OdpowiedzUsuńMuszę koniecznie wypróbować ten podkład z Estee Lauder :) a jeśli chodzi o eyeliner z Golden Rose to mnie uczulił niestety
OdpowiedzUsuńPaletki cieni do powiek zachwycają :)
OdpowiedzUsuńDo pomadek Golden Rose przekonywałam się dość długo, a jak już kupiłam to przepadłam i też właśnie 03 :)
OdpowiedzUsuńPomadka Golden Rose jest moim ulubieńcem 2017 tylko w innym kolorze
OdpowiedzUsuńSwietni ulubiency :) Bradzo lubie paletki morphe :)
OdpowiedzUsuńMam inglotowy korektor, ale zielony - jest super :D
OdpowiedzUsuńPaletki wyglądają kusząco!
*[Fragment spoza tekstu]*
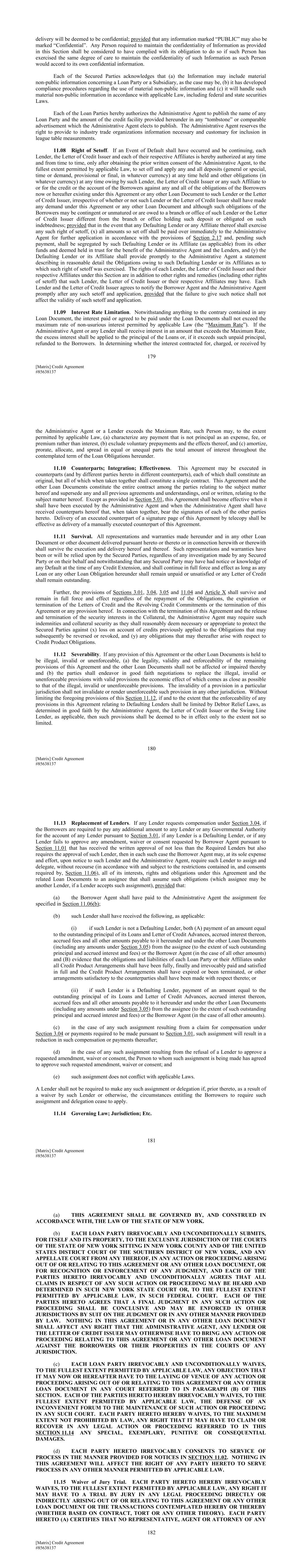 交付将被视为机密;前提是任何标记为“公开”的信息也可能被标记为“机密”。任何须按本条规定保持资料保密性的人,如已行使与该人对其本身的机密资料所给予的同等程度的谨慎以保持该等资料的保密性,即视为已遵守其这样做的义务。每一有担保方都承认,(a)信息可能包括有关贷款方或子公司的重大非公开信息(视情况而定),(b)它制定了有关使用重大非公开信息的合规程序,(c)它将根据适用法律(包括联邦和州证券法)处理此类重大非公开信息。每一贷款方特此授权行政代理人在行政代理人选择发布的任何“墓碑”或类似广告中公布任何贷款方的名称和本协议项下提供的信贷额度。行政代理人保留向行业贸易组织提供纳入排行榜计量所必需和惯常信息的权利。11.08抵销权。违约事件应当已经发生并仍在继续的,特此授权各贷款人、信用证发行人及其各自的关联机构在取得行政代理人的事先书面同意后,在适用法律允许的最大范围内,随时、不时地抵销和适用该贷款人在任何时间持有的任何和所有存款(一般或特别、时间或活期、临时或最终、以任何货币计)以及在任何时间所欠的其他债务(以任何货币计),信用证发行人或任何该等附属公司或为借款人的信贷或账户针对借款人根据本协议或对该贷款人或信用证发行人的任何其他贷款文件现在或以后存在的任何及所有义务,无论该贷款人或信用证发行人是否已根据本协议或任何其他贷款文件提出任何要求,尽管借款人的该等义务可能是或有的或未到期的,或欠该贷款人的分支机构或办事处或信用证发行人与持有该存款的分支机构或办事处不同,或对该债务承担义务;但如果任何违约贷款人或其任何关联机构应行使任何该等抵销权,(x)如此抵销的所有款项须立即付予行政代理人,以便按照第2.17条的规定进一步申请,并在该等付款前,由该违约贷款人或其关联机构(如适用)与其其他资金分开,并当作为行政代理人及贷款人的利益而以信托方式持有,(y)违约贷款人或其关联机构应迅速向行政代理人提供一份说明,合理详细地说明行使该抵销权所欠该违约贷款人或其关联机构的义务。每个贷款人、信用证发行人及其各自的关联公司在本节项下的权利是该贷款人、信用证发行人或其各自的关联公司可能拥有的其他权利和补救措施(包括其他抵销权)之外的权利。各贷款人和信用证发行人同意在发生该等抵销和申请后,及时通知借款人代理人和行政代理人,但未发出该通知不影响该抵销和申请的有效性。11.09利率限制。尽管任何贷款文件中有任何相反的规定,根据贷款文件已支付或同意支付的利息不得超过适用法律允许的非高利贷利息的最高利率(“最高利率”)。行政代理人或者任何贷款人收取的利息超过最高利率的,超过的利息应当计入贷款本金,或者超过该未付本金的,退还给借款人。在确定179 [矩阵]信贷协议# 85638137行政代理人或贷款人所约定、收取或收取的利息是否超过最高利率时,该人可在适用法律允许的范围内,(a)将任何非本金的付款定性为费用、费用或溢价而不是利息,(b)排除自愿预付款及其影响,以及(c)摊销、按比例分配、分配, 并在本协议项下贷款义务的整个预期期限内以相等或不相等的部分分摊利息总额。11.10对口单位;一体化;有效性。本协议可以在对应方(以及在不同对应方的不同合同方)中执行,每一项应构成原件,但所有这些合并在一起应构成单一合同。本协议及其他借款文件构成双方就本协议标的事项订立的全部合同,并取代此前就本协议标的事项订立的任何和所有口头或书面协议和谅解。除第5.01节另有规定外,本协议自行政代理人签署之日起生效,且行政代理人已收到本协议的对应方,合并后附有本协议其他各方的签字。以电传方式交付本协议签字页的已执行对应方,应具有交付本协议手工执行对应方的效力。11.11生存。根据本协议以及在依据本协议或其交付的任何其他贷款文件或其他文件中作出的所有陈述和保证,或与本协议或其相关的所有陈述和保证,均应在本协议及其执行和交付后继续有效。无论任何有担保方或代表其进行任何调查,尽管任何有担保方在任何信贷展期时可能已收到任何违约的通知或知道任何违约,有担保当事人已经或将依赖此类陈述和保证,并且只要本协议项下的任何贷款或任何其他贷款义务仍未支付或未得到履行或任何信用证仍未清偿,则应继续完全有效。此外,第3.01、3.04、3.05和11.04条以及第十条的规定,无论债务的偿还、信用证和循环信贷承诺的到期或终止,或本协议或本协议的任何规定的终止,均应继续存在并保持完全有效。关于本协议的终止以及担保物上的担保权益的解除和终止,行政代理人可要求提供其合理认为必要或适当的赔偿和担保,以保护有担保当事人免受(x)先前适用于随后可能被撤销或撤销的债务的信贷造成的损失,以及(y)此后可能产生的与信贷产品债务有关的任何债务。11.12可分割性。如本协议或其他借款单证的任何条款被认定为非法、无效或不可执行,(a)本协议其余条款和其他借款单证的合法性、有效性和可执行性不因此而受到影响或损害;(b)各方应努力通过善意协商,以其经济效果尽可能接近于非法、无效或不可执行条款的有效条款取代非法、无效或不可执行条款。某一规定在某一特定法域无效,不得使该规定在任何其他法

Choć moją uwagę przykuł również produkt do brwi Golden Rose :]
OdpowiedzUsuńTeraz to i ja mam chrapkę na fluid Estee Lauder :D
OdpowiedzUsuńAle cudeńka :). Szminki GR oczywiście mam i bardzo lubię <3
OdpowiedzUsuńChętnie natomiast poznałabym paletki Zoeva :>
A ja jestem wierna Inglotowi, nie ma sobie równych.